Sometimes it’s because leaders think they are better or above those whom they are supposed to serve. They think people should just do as they are told and ask no questions.

Sometimes it’s because you just don’t think about it. You may not see it as important to share the information, you think they may or should already know, or it just gets lost in the shuffle.

Whatever reason you may withhold information, it’s not healthy. Unless it’s something that can’t be shared due to legal or other similar reasons, information should be shared freely.

For one, it lets your team know they are trusted, and it can help build loyalty. When you don’t share information, it builds distrust.

And people are going to talk, it just may not be the truth.

It also helps your team make better decisions and do their jobs better. If they don’t have all the information, how can they make the best decisions? How can they solve the problems well? How can they prioritize what’s important?
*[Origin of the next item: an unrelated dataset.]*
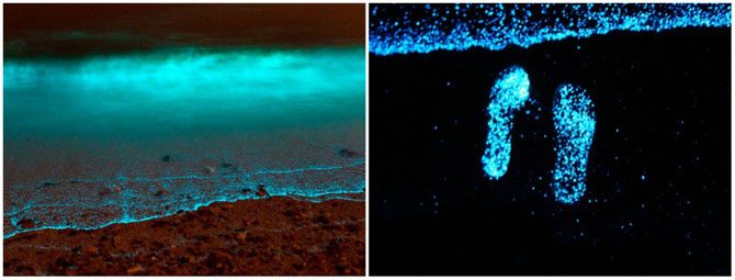 Есть в мире один пляж, который особенно красив ночью. Планктон выброшенный на пляж острова Ваадху окрашивает берега тысячами огней. Свечение объясняется биолюминесценцией — химическими процессами в организме животных, при которых освобождающаяся энергия выделяется в форме света. Голубые светящиеся волны словно отражают звезды в небе над Мальдивами!

Don’t withhold information, share it.

2. You wait too long to communicate (it’s not timely)

This one is similar to the one above, but it has more to do with timing than not sharing it at all.

Sometimes you may wait to share information because you want to make sure you have all the information. While gathering more information can be good at times, you have to be careful, because waiting too long, as we’ll discuss in a minute, can be harmful.

Sometimes it’s better to let people know what you know now and tell them you will update as you learn more.

Sometimes it’s out of fear. Leaders fear people’s responses, so they delay and waffle about sharing information.

Sometimes it’s because the leader is busy or trying to craft the “perfect message” to share or other similar reasons.

Whatever the reason, when you wait too long to share information, like withholding it, it can build distrust. And, like withholding it, if you wait too long to let people know what’s going on, people will talk anyway, and we as humans generally assume the negative.

3. You don’t model what you preach

You don’t just communicate with your words, emails, videos, or memos, you communicate by your actions. And, when your actions don’t match your words, that creates issues.

You are seen as hypocritical.

People won’t take the information seriously because if you don’t treat it as important, then they won’t either. It’s like the old saying with parents: Do as I say, not as I do.

It doesn’t work with parents toward kids, and it doesn’t work with leaders to teams, or employees.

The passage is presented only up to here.